How travel planning works in Composed

Travel planning in Composed centers on flight intelligence and departure tracking. Screenshot a flight confirmation and Claude Vision pulls out airports, times, confirmation code, and connections automatically. The flight timeline card moves through pre-flight, check-in open, boarding, in-flight, and arrived phases. Five graduated reminders fire at the appropriate horizons — check-in at twenty-four hours, summary at four hours, boarding, gate close, and layover. The airport buffer of two hours domestic and three hours international is built into the departure-tracking calculation. Hotel reservations import as multi-day events from screenshots, with check-in and check-out dates parsed correctly.

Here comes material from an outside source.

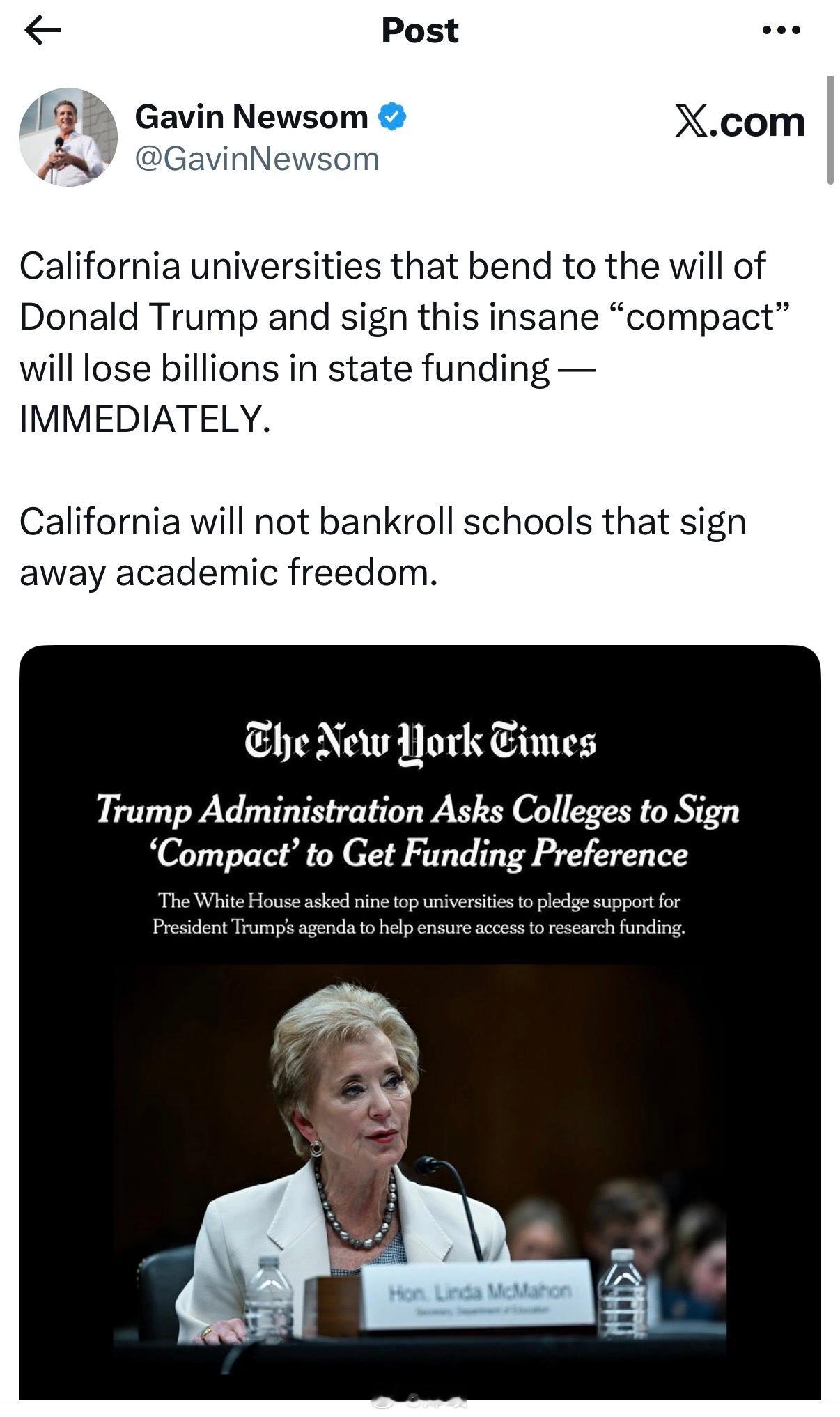 纽森:如果哪个加州大学屈服于特朗普并签署这份疯狂的“契约”,将立即失去数十亿美元的州政府资助。加州不会为那些出卖学术自由的学校提供资金。

Composed in real life — frequently asked

How do people with ADHD actually use Composed day-to-day?

The pattern most common among ADHD users is voice-first capture throughout the day, paired with letting the AI prep tasks handle the working-memory step. A user speaks an event the moment they think of it — "Pharmacy pickup tomorrow at 3" — and the structured event lands in the timeline with a prep checklist that includes the things they would have forgotten to remember. Graduated reminders surface the event at the right horizon: gentle awareness early, action nudges within seven days, and precise departure timing close to the event. The tone is calm — no red shaming labels, no guilt loop — so a calendar with many items does not become a stress source.

How does Composed work for parents with multiple kids' schedules?

Most parents use Composed as a layer over their existing calendar. Apple Calendar and Google Calendar import with two-way sync, and the family schedule flows in without counting against the five-event free tier. Screenshot import handles school flyers, birthday invitations, and permission forms in one tap. Shared events generate a link with RSVP, so the other parent or grandparents can confirm attendance without downloading the app. Prep tasks generate for each event automatically — "Bring permission slip and snack" for the school trip — which removes the constant working-memory load of remembering what each kid needs for each thing.

How do students use a voice planner for school?

Students most often use voice capture during or right after class — a deadline announced verbally lands in Composed before the thought disappears. "Essay draft Thursday at 5pm" produces an event with a prep checklist that includes the kinds of preparation tasks a draft deadline tends to need. Calendar import brings the academic schedule in from Apple Calendar or Google Calendar without counting against the free tier. The graduated reminder system surfaces the deadline at multiple horizons — early awareness, action nudges within seven days, and precise timing the day before — so a busy week does not produce surprise misses.

How do frequent travelers use Composed for trips?

Frequent travelers typically screenshot the flight confirmation email and let Composed do the rest. Claude Vision extracts airports, times, confirmation code, and connections into a structured event. The phase-aware flight timeline card walks through pre-flight, check-in open, boarding, in-flight, and arrived. Five graduated reminders fire at the right horizons. The airport buffer is automatic — two hours domestic, three hours international. Hotel screenshots import as multi-day events with check-in and check-out dates parsed. Shared events let a traveling parent send arrival info to whoever is doing pickup. The flow from booking confirmation to ready-to-fly is mostly hands-off.